INPUT TABLE
pcd | INCOME | Education | age1to_20 | TG |
---|---|---|---|---|
a1001 | INCOME_1 | Education_1 | 1 | 1 |
a1003 | INCOME_2 | Education_2 | 0 | 2 |
a1001 | INCOME_3 | Education_2 | 5 | 2 |
a1002 | INCOME_2 | Education_2 | 1 | 5 |
a1003 | INCOME_1 | Education_2 | 3 | 4 |
REQUIRED OUTPUT
pcd | INCOME_1 | INCOME_2 | INCOME_3 | Education_1 | Education_2 | age1to_20 | TG |
---|---|---|---|---|---|---|---|
a1001 | 1 | 0 | 1 | 1 | 1 | 6 | 1.5 |
a1002 | 0 | 1 | 0 | 0 | 1 | 1 | 5 |
a1003 | 1 | 1 | 0 | 0 | 2 | 3 | 3 |
pcd is index and income1,income2,income3,education1,education2,age are aggregated to sum while TG is aggregated to average.
pd.pivot_table(df, index=['pcd', 'age1to_20'],
aggfunc={'INCOME':sum,'Education'=sum,'age1to_20'=sum,'TG':avg},fill_value=0)

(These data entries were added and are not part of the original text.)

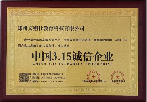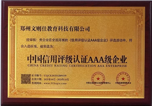 作为深耕教育科技领域的创新型企业,郑州文则仕教育科技有限公司始终将 “诚信立企、品质办学” 作为核心发展理念。此次获评 “AAA 级信用企业”,是对其在经营履约、服务质量、社会责任等维度的综合肯定 —— 该评级是国内企业信用评价的最高等级,意味着企业在商业信誉、合规运营等方面达到行业标杆水平;而 “3.15 诚信企业” 的称号,则是对其坚守消费者权益、践行透明化服务的直接褒奖。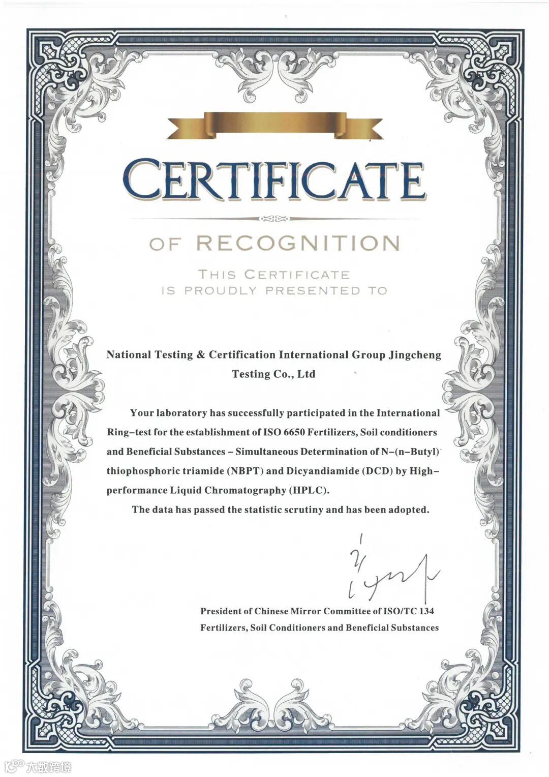 国检京诚参与国际标准ISO 6650 Fertilizers, Soil conditioners and Beneficial Substances-Simultaneous Determination of N- (n-Butyl) thiophosphoric triamide (NBPT) and Dicyandiamide (DCD) by High-performance Liquid Chromatography (HPLC) (中文名称《肥料、土壤调理剂和有益物质 同时测定正丁基硫代磷酰三胺(NBPT)和双氰胺(DCD)高效液相色谱法》)的标准制定循环比对实验,验证该标准方法的精密度,确定该标准方法的重复性限与再现性限。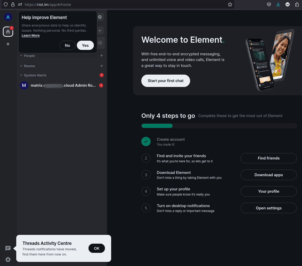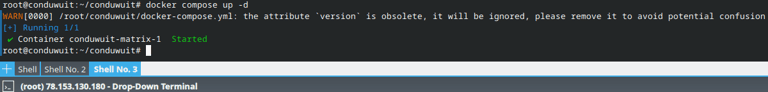 After completing server configuration, issuing SSL certificate and deploying the proxy server, we can start our docker container with Conduwuit.

Tried above code but finding no success
CodePudding user response:
You can first melt
, then pivot_table
to reshape, and finally groupby.agg
to combine the 'pcd':
agg_funcs = {'TG': 'mean', 'pcd': 'first'}
out = (df
.melt(['pcd', 'age1to_20', 'TG'])
.assign(v=1)
.pivot_table(index=['pcd', 'age1to_20', 'TG'], columns='value',
values='v', fill_value=0)
.reset_index().rename_axis(columns=None)
.pipe(lambda d: d.groupby('pcd', as_index=False)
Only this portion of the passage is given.